▸ STORED DATA:
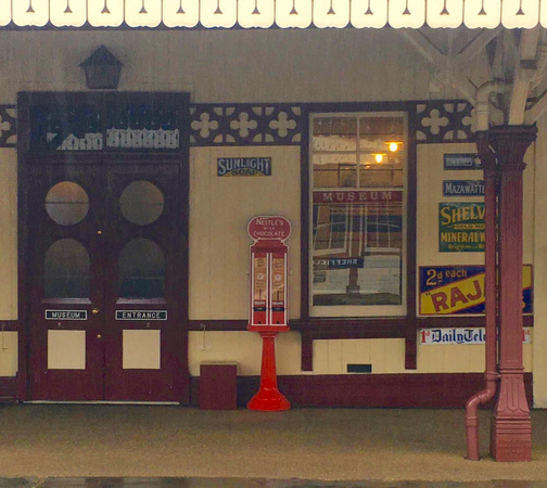 The railway’s museum team discovered some of the enamel signs that were outside the building in 1970 had been moved to other parts of the railway and so have put them all back in the same positions and cleaned them ready for the photo opportunity. They include signs for Sunlight soap, Rowntree’s chocolates, Mazawattee tea, Shelvey’s mineral waters and Rajah cigars.
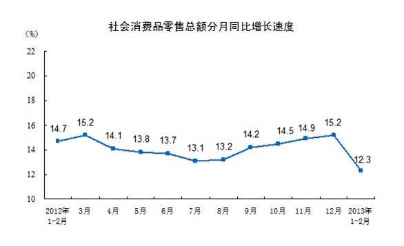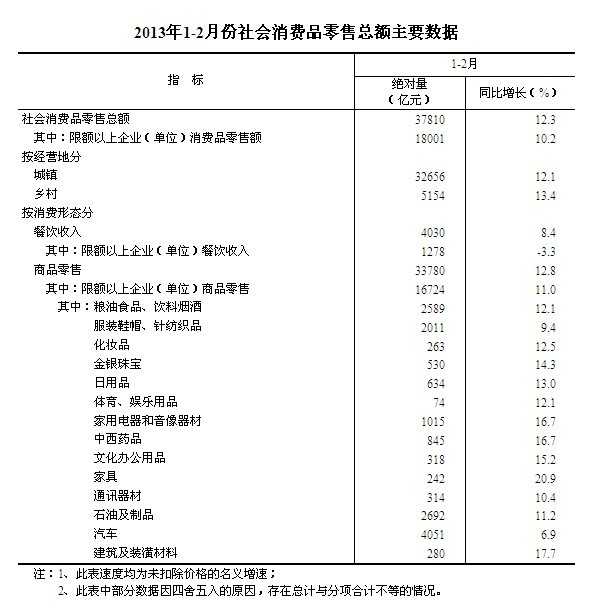 2013年1-2月份,社会消费品零售总额37810亿元,同比名义增长12.3%(扣除价格因素实际增长10.4%,以下除特殊说明外均为名义增长)。其中,限额以上企业(单位)消费品零售额18001亿元,增长10.2%。
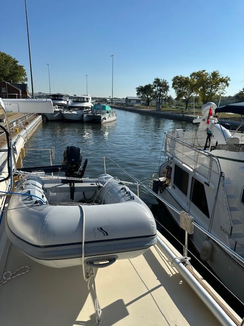 Our last day at Heritage, Bryce Wallace, the marina host, gave a group of us Loopers a tutorial of what to expect after leaving the marina to the upper Mississippi. There was a lot of information, a bit overwhelming. Earlier in the day, we also got our mast, boom, antennas and flopper stoppers up off the fly deck; most bridges will be high enough to navigate under. We will encounter train bridges, but for the most part we were told they will be in the up position; if not, we just call and ask when the next opening will be.
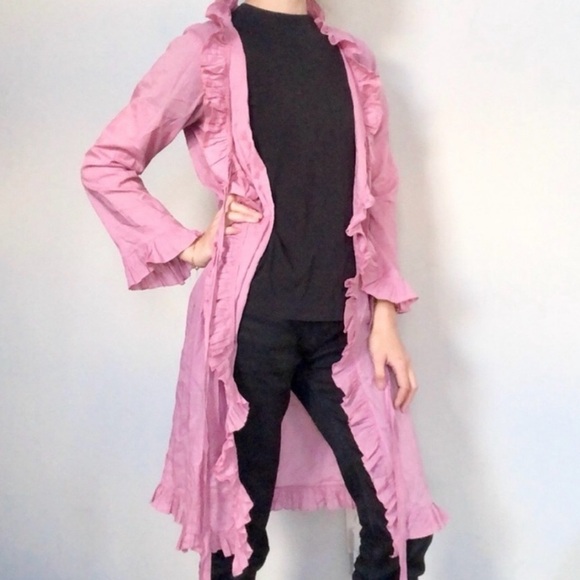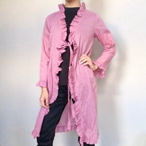 Stylish pink long jacket with ruffled edges. Perfect for layering.
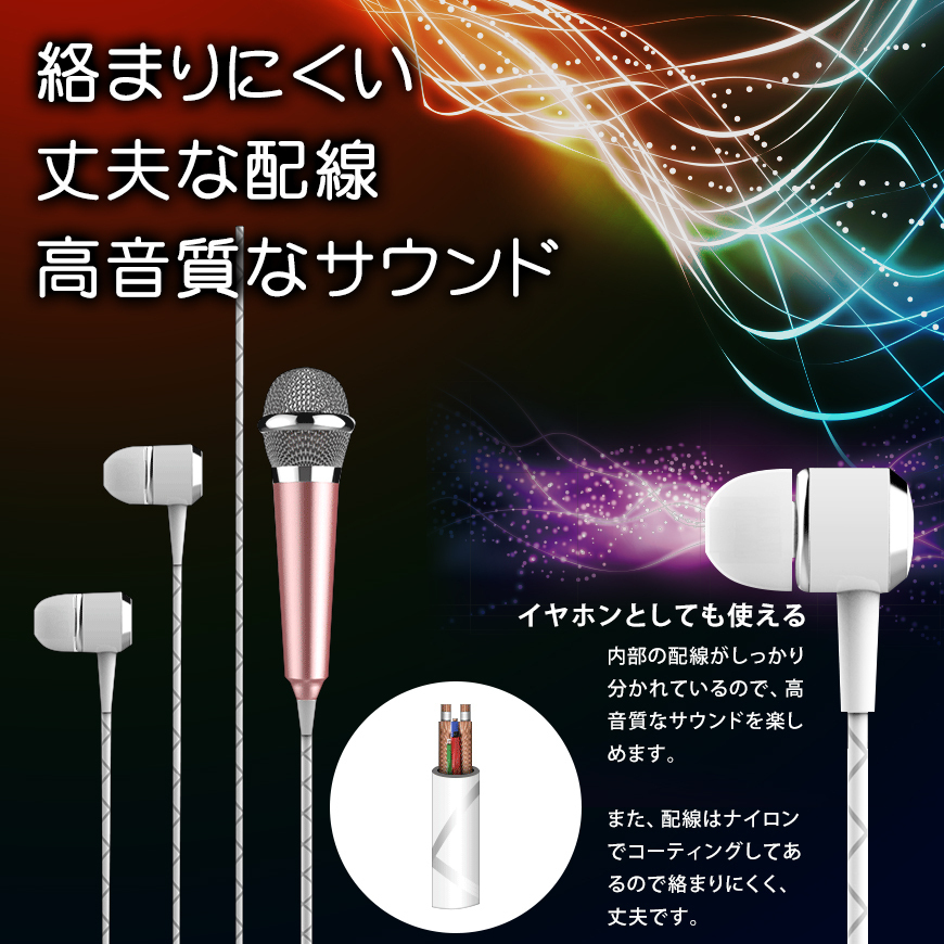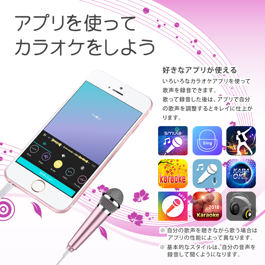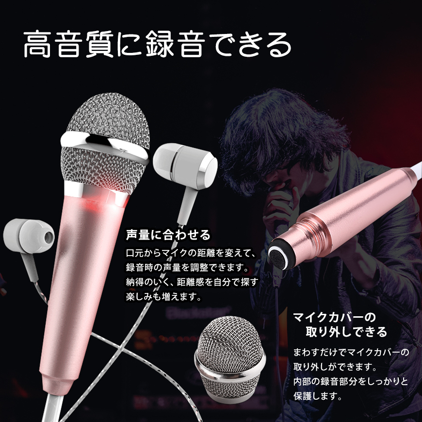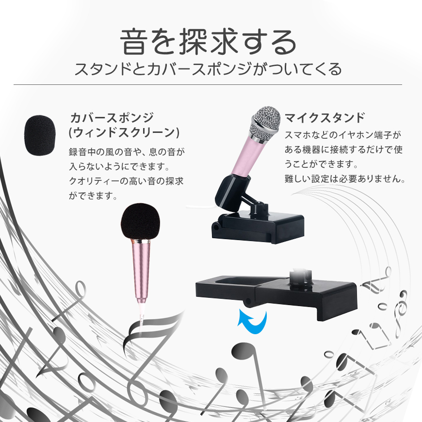 スマホ用 カラオケ ミニマイク ピンク イヤホン 有線 録音 iPhone iOS Android クリップ スタンド 卓上 国内検査後出荷 ネコポス 送料無料
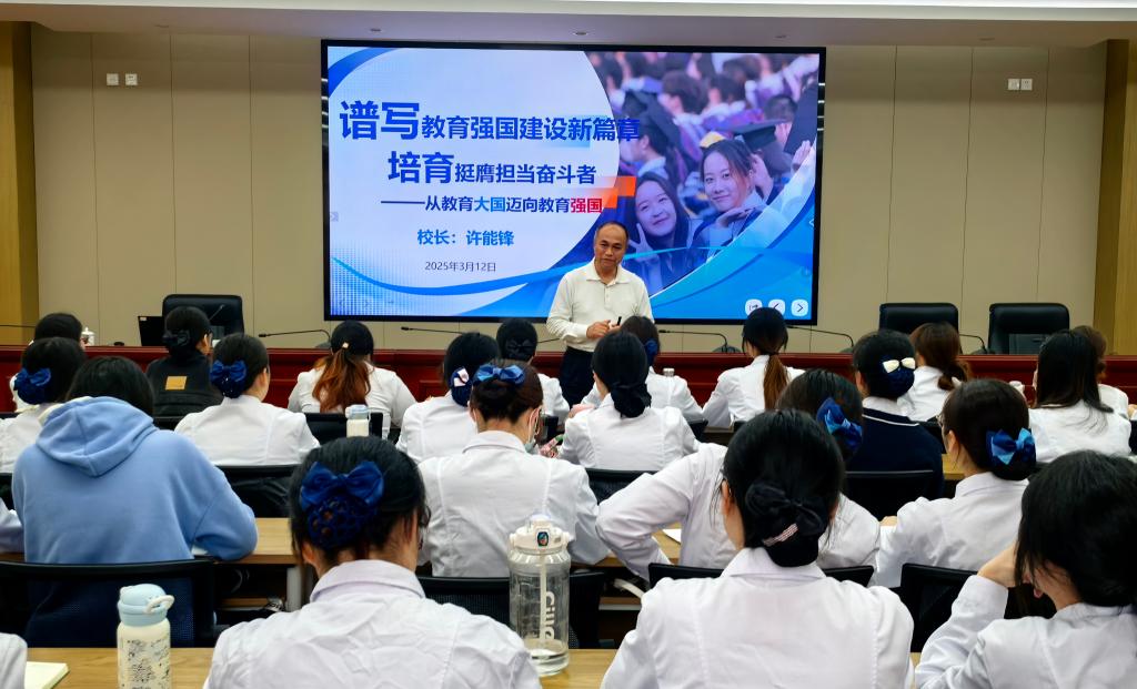 許能鋒指出,教育是國(guó)之大計(jì)、黨之大計(jì)。當(dāng)前,我國(guó)正從教育大國(guó)向教育強(qiáng)國(guó)邁進(jìn),《教育強(qiáng)國(guó)建設(shè)規(guī)劃綱要(2024-2035年)》為教育事業(yè)的發(fā)展擘畫了宏偉藍(lán)圖。我校作為培養(yǎng)高素質(zhì)醫(yī)藥衛(wèi)生人才的搖籃,將深入貫徹習(xí)近平總書記關(guān)于教育的重要論述,深化產(chǎn)教融合、科教融匯,著力培養(yǎng)適應(yīng)健康中國(guó)戰(zhàn)略需求的技術(shù)技能人才,為服務(wù)區(qū)域經(jīng)濟(jì)社會(huì)發(fā)展輸送更多“大國(guó)工匠”,以教育之強(qiáng)夯實(shí)國(guó)家富強(qiáng)之基。
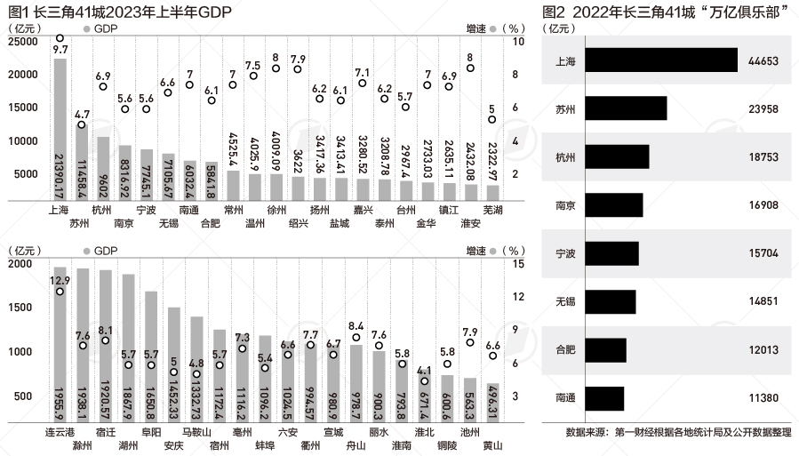 第一财经记者梳理公开数据发现,长三角41城中,共有8个城市的上半年GDP超5000亿元,6市增速达到或超过8%。

▸ EXERCISE DESCRIPTION:
With the pictures removed, return all the entries exactly.

▸ YOUR SOLUTION:
 The railway’s museum team discovered some of the enamel signs that were outside the building in 1970 had been moved to other parts of the railway and so have put them all back in the same positions and cleaned them ready for the photo opportunity. They include signs for Sunlight soap, Rowntree’s chocolates, Mazawattee tea, Shelvey’s mineral waters and Rajah cigars.
 2013年1-2月份,社会消费品零售总额37810亿元,同比名义增长12.3%(扣除价格因素实际增长10.4%,以下除特殊说明外均为名义增长)。其中,限额以上企业(单位)消费品零售额18001亿元,增长10.2%。
 Our last day at Heritage, Bryce Wallace, the marina host, gave a group of us Loopers a tutorial of what to expect after leaving the marina to the upper Mississippi. There was a lot of information, a bit overwhelming. Earlier in the day, we also got our mast, boom, antennas and flopper stoppers up off the fly deck; most bridges will be high enough to navigate under. We will encounter train bridges, but for the most part we were told they will be in the up position; if not, we just call and ask when the next opening will be.
 Stylish pink long jacket with ruffled edges. Perfect for layering.
 スマホ用 カラオケ ミニマイク ピンク イヤホン 有線 録音 iPhone iOS Android クリップ スタンド 卓上 国内検査後出荷 ネコポス 送料無料
 許能鋒指出,教育是國(guó)之大計(jì)、黨之大計(jì)。當(dāng)前,我國(guó)正從教育大國(guó)向教育強(qiáng)國(guó)邁進(jìn),《教育強(qiáng)國(guó)建設(shè)規(guī)劃綱要(2024-2035年)》為教育事業(yè)的發(fā)展擘畫了宏偉藍(lán)圖。我校作為培養(yǎng)高素質(zhì)醫(yī)藥衛(wèi)生人才的搖籃,將深入貫徹習(xí)近平總書記關(guān)于教育的重要論述,深化產(chǎn)教融合、科教融匯,著力培養(yǎng)適應(yīng)健康中國(guó)戰(zhàn)略需求的技術(shù)技能人才,為服務(wù)區(qū)域經(jīng)濟(jì)社會(huì)發(fā)展輸送更多“大國(guó)工匠”,以教育之強(qiáng)夯實(shí)國(guó)家富強(qiáng)之基。
 第一财经记者梳理公开数据发现,长三角41城中,共有8个城市的上半年GDP超5000亿元,6市增速达到或超过8%。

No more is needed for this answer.